O que se desejava, pois, era mudar a sociedade através de ações “de baixo”, autônomas e 
coletivas, pois as instituições já não eram terrenos possíveis. 
 Dessa falta de vínculo com o Estado e seu território, nasceu também a 
possibilidade de se conectar com grupos de organização civil de outros lugares, fazer as 
demandas de um lugar reverberarem em outros. Através do auxílio dessas redes vastas e 
da mobilização de certos acordos e legislações, tais grupos puderam acionar a 
comunidade internacional para pressionar seus governos a tomarem políticas e rumos 
mais tolerantes (KALDOR, 2003, p. 587). Tantas ideias, tantas ações autônomas, 
recorrendo ao ambiente internacional por auxílio, estimularam processos de 
democratização em ambas as regiões e novas mudanças e apropriações do que se entende 
por sociedade civil. 
 Em seguida, Kaldor elenca três paradigmas presentes nos debates sobre sociedade 
civil após a década de 90 (2003, p. 588). Um ativista, outro neoliberal e, por último, um 
pós-moderno. O primeiro é caracterizado pela apropriação do termo por movimentos 
surgidos ainda no fim da década de 60, que levantaram questões como as de gênero, meio 
ambiente, paz e direitos humanos. A ação contínua desses grupos, suas conexões e 
visibilidade fizeram nascer regimes de governança global especialmente em temas 
humanitários (KALDOR, 2003, p. 588). 
Já a versão neoliberal é uma apropriação do Ocidente, que, de certa forma, “doma” 

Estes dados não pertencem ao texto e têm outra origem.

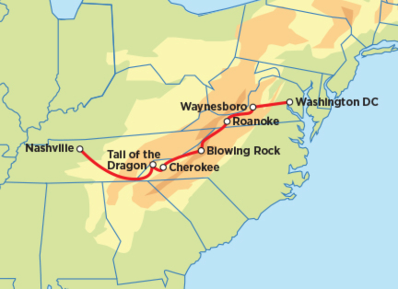 Imagine five days of riding along one of the most beautiful mountain roads ever built! Winding through the Appalachian Mountains, you begin your journey on the 470-mile Blue Ridge Parkway – a dream of twists and turns, colors and vistas where billboards and commercial traffic are both banned. Four days of this amazing riding will just get you set up for the notorious Tail of the Dragon – 318 turns in only 11 miles – before ending your ride in the Country Music capital of Nashville, Tennessee!
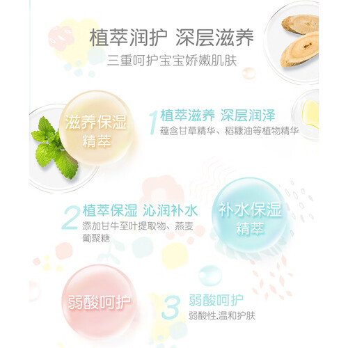 采用弱酸性配方,贴心呵护宝宝敏感肌肤;甄选植物精萃,达到肌肤深层保湿修护,告别肌肤干燥起皮现象。

seus movimentos sociais, institucionalizando-os. A expressão da sociedade civil, então, 
se dá por organismos não governamentais (ONGs), que não só substituem algumas 
funções dos Estados, mas competem uma com a outra, quase como num mercado 
(KALDOR, 2003, p. 589). Quanto à pós-moderna, esta rejeita a visão de que a sociedade 
civil seja uma exclusividade ou uma invenção do Ocidente “democrático”, pautada no 
individualismo exacerbado. Organizações comunitárias, de ordem religiosa e tradicional 
em países considerados autoritários também funcionariam como uma espécie de 
sociedade civil. 
Para Kaldor, as três concepções devem ser levadas em conta, pois, como 
sociedade civil é um conceito normativo, que se baseia na construção de consentimento 
e emancipação individual, não há como desenhar, com tanta exatidão, seus limites (2003, 
p. 590). O que importa, pois, é como as sociedades civis atuam de forma a modificar o 
ambiente, as leis e as normativas pelas quais os Estados agem, criando um sistema global 
amplamente – mas ainda desigual – interconectado. 
Em seguida, a autora reflete sobre as mudanças que podem ocorrer no cenário 
posterior ao ataque às Torres Gêmeas em Nova Iorque, em 11 de Setembro de 2001, a 
Guerra contra o Iraque e, claro, a Guerra ao Terror (2003, p. 591). A criação de uma 
constante sensação de terror e insegurança já é, por si só, um ataque à sociedade civil, 
além de a declaração de guerra ser uma questão de Estado – o que eu não concordo tanto 
assim. Kaldor se questiona se todos esses processos mencionados podem bloquear ou 
dificultar o processo de globalização e, claro, as atividades das sociedades civis globais 
(2003, p. 591). 
Sua resposta é não, visto que novas alianças, novos grupos, especialmente de 
ativistas, continuam a surgir, se articulando para levar o “de dentro” para “fora”. O que, 
em minha opinião, é óbvio, já que prefiro partir de uma visão que não se centre tanto nos 
Estados Unidos e em seu consentimento para que um fenômeno global aconteça. É claro 
que é o país mais poderoso até então, chamado de “o último Estado-nação” (KALDOR, 
2003, p. 591), mas até ele foi constrangido por movimentos sociais internos, como na 
Guerra ao Vietnã. 
A autora termina seu texto/palestra advogando pela ampliação da atuação das 
sociedades civis, especialmente na busca pela paz, pelo fim da violência internacional e 
uma maior harmonia no sistema global (2003, p. 593).